The talked-about theorem gives a method for sparsifying a graph (reducing the number of edges) that roughly preserves the eigenvectors of the Laplacian; that is, it roughly preserves which allocations of opinions to people are stable-ish in a social network of contrarians. It also says how the friend limit ties into exactly how accurately the Laplacian is preserved.
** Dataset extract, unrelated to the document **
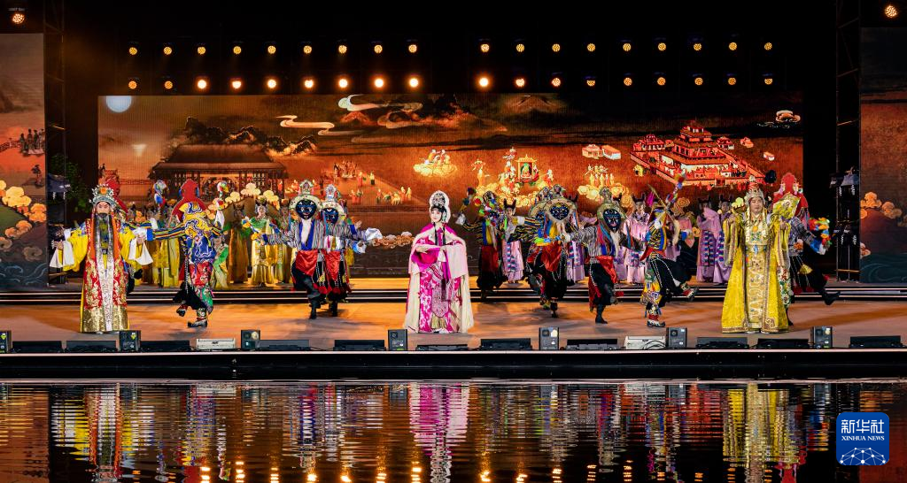 在2023拉萨雪顿节开幕式文艺演出上,京剧藏戏《文成公主》再次上演(8月16日摄)。丁增尼达 摄
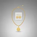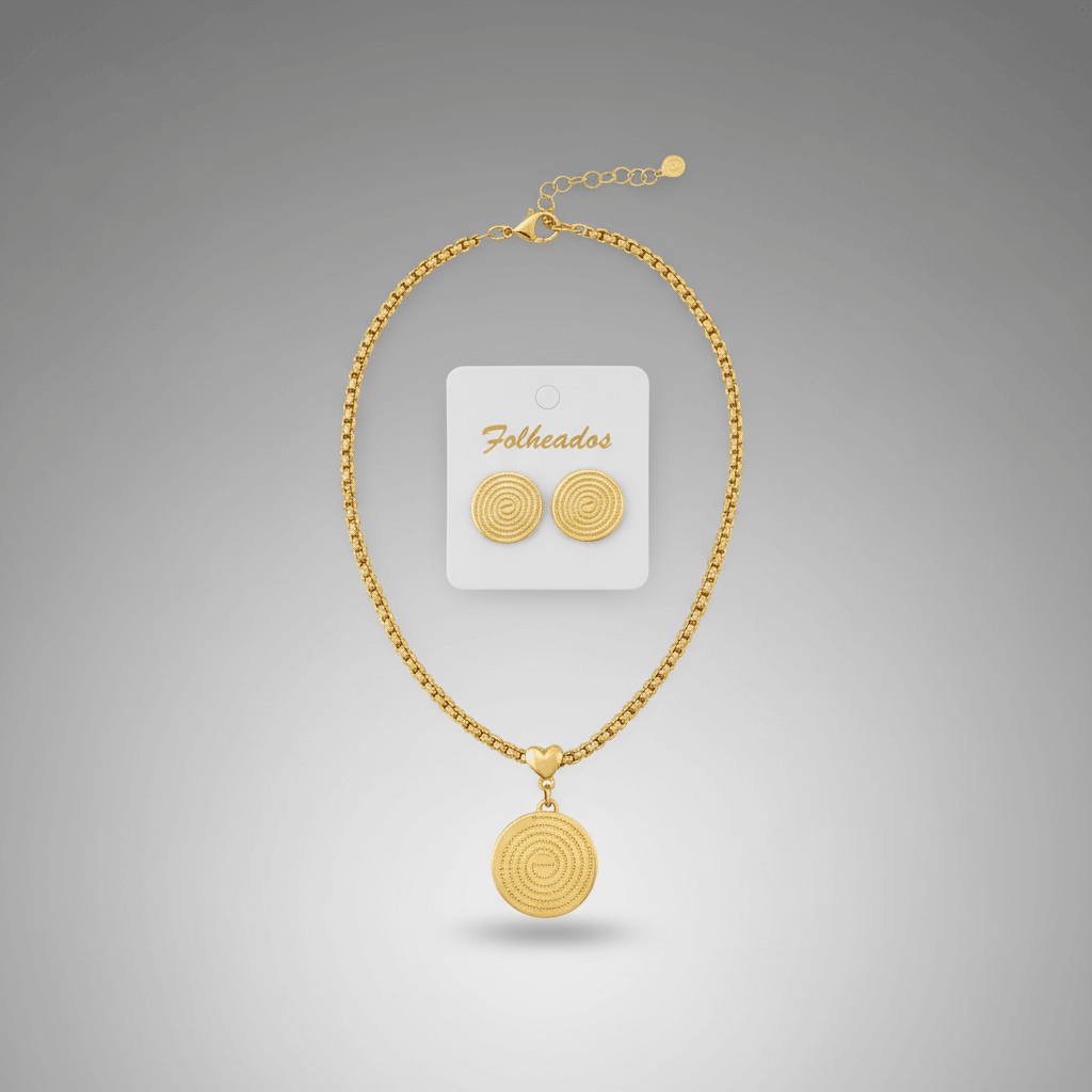 Kit Medalha Pai Nosso Brinco e Colar Folheado a Ouro 18k: Elegância e Durabilidade em um Só Conjunto.

Finally, Urschel mentions that the method is cool and beautiful but not computationally useful. Here's why: when you have only a few people, there's not much difference between ContrariaNet and ButActuallist; the friend limit doesn't change much. The technique only gets useful when the networks get huge. But actually going through the work of finding the right weights for ButActuallist takes an amount of time proportional to the cube of the number of people. So if you're like Facebook and you have 3 billion-ish members, your computer has to do (3 billion)*(3 billion)*(3 billion) = 27 octillion steps to find the right weights. A bit much. While the network is nice and easy to work with after sparsification because it has dramatically fewer connections, the actual work of sparsification itself is prohibitively expensive.
posted by Jpfed at 9:49 PM on May 22, 2018 [11 favorites]


Thank you, Jpfed - that was a beautiful explanation!